BEGIN

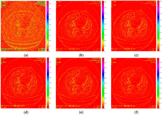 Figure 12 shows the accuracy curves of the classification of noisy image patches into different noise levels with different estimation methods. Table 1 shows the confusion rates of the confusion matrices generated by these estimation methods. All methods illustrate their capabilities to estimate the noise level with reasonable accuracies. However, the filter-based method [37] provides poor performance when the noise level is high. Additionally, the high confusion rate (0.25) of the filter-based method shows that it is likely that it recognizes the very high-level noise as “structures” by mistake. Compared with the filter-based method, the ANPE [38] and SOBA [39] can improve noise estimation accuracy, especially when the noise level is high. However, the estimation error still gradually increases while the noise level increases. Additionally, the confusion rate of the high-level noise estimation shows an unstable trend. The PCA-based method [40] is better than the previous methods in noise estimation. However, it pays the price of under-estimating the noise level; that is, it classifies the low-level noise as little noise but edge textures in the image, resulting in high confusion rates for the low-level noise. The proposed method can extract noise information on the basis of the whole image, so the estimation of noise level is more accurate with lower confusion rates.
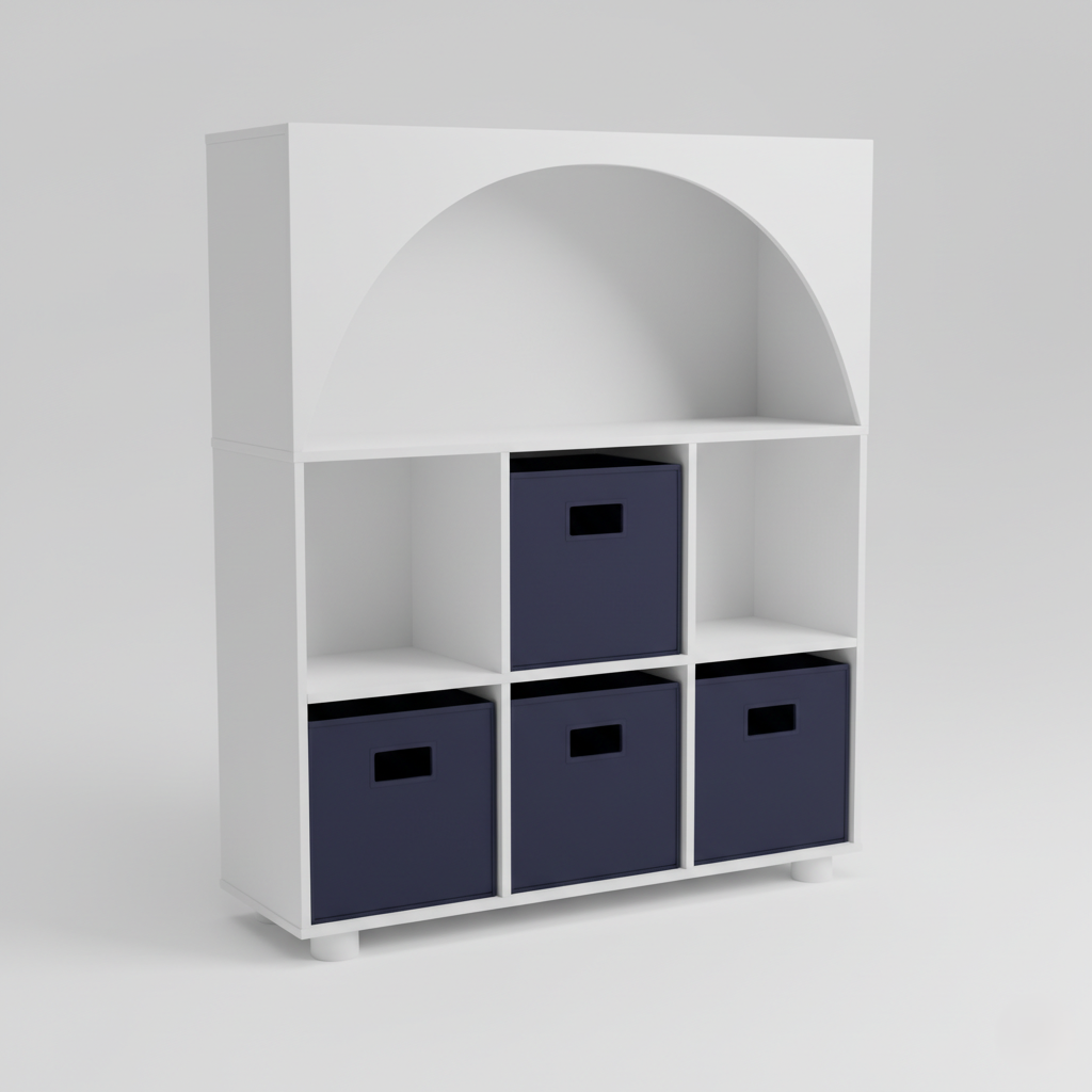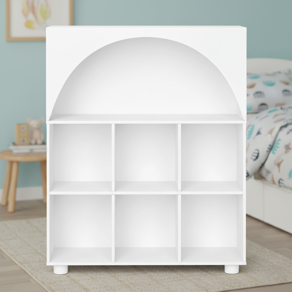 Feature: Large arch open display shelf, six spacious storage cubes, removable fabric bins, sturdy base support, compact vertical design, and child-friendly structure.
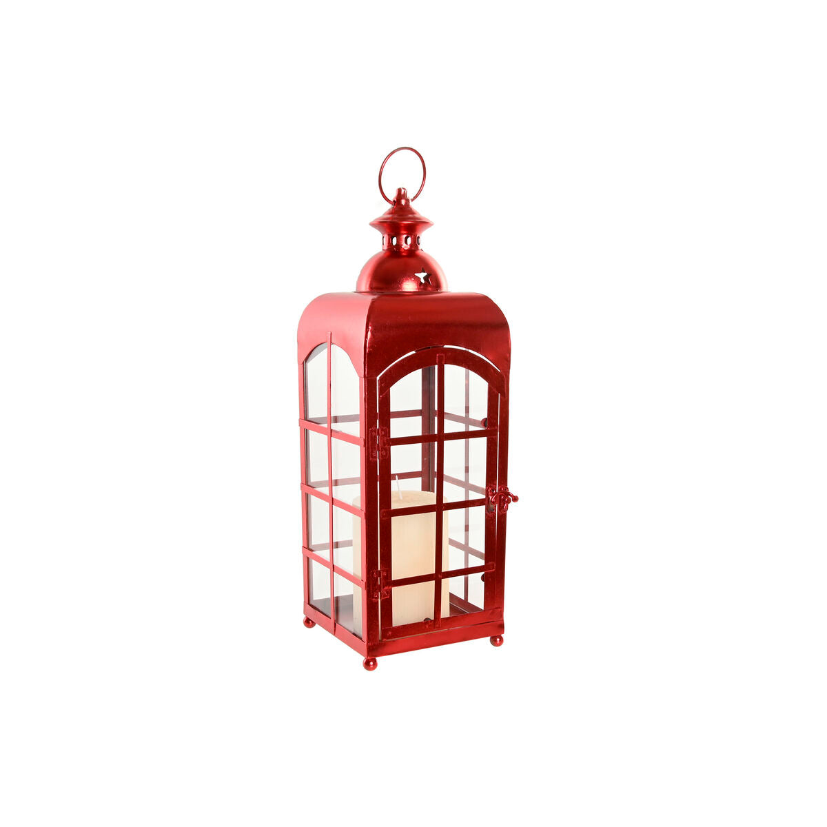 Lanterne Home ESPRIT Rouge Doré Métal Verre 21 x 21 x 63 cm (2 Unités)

END

What you are asked to do ::
Give every line of the listing above again, exactly, with no images.

Exercise output ::
 Figure 12 shows the accuracy curves of the classification of noisy image patches into different noise levels with different estimation methods. Table 1 shows the confusion rates of the confusion matrices generated by these estimation methods. All methods illustrate their capabilities to estimate the noise level with reasonable accuracies. However, the filter-based method [37] provides poor performance when the noise level is high. Additionally, the high confusion rate (0.25) of the filter-based method shows that it is likely that it recognizes the very high-level noise as “structures” by mistake. Compared with the filter-based method, the ANPE [38] and SOBA [39] can improve noise estimation accuracy, especially when the noise level is high. However, the estimation error still gradually increases while the noise level increases. Additionally, the confusion rate of the high-level noise estimation shows an unstable trend. The PCA-based method [40] is better than the previous methods in noise estimation. However, it pays the price of under-estimating the noise level; that is, it classifies the low-level noise as little noise but edge textures in the image, resulting in high confusion rates for the low-level noise. The proposed method can extract noise information on the basis of the whole image, so the estimation of noise level is more accurate with lower confusion rates.
 Feature: Large arch open display shelf, six spacious storage cubes, removable fabric bins, sturdy base support, compact vertical design, and child-friendly structure.
 Lanterne Home ESPRIT Rouge Doré Métal Verre 21 x 21 x 63 cm (2 Unités)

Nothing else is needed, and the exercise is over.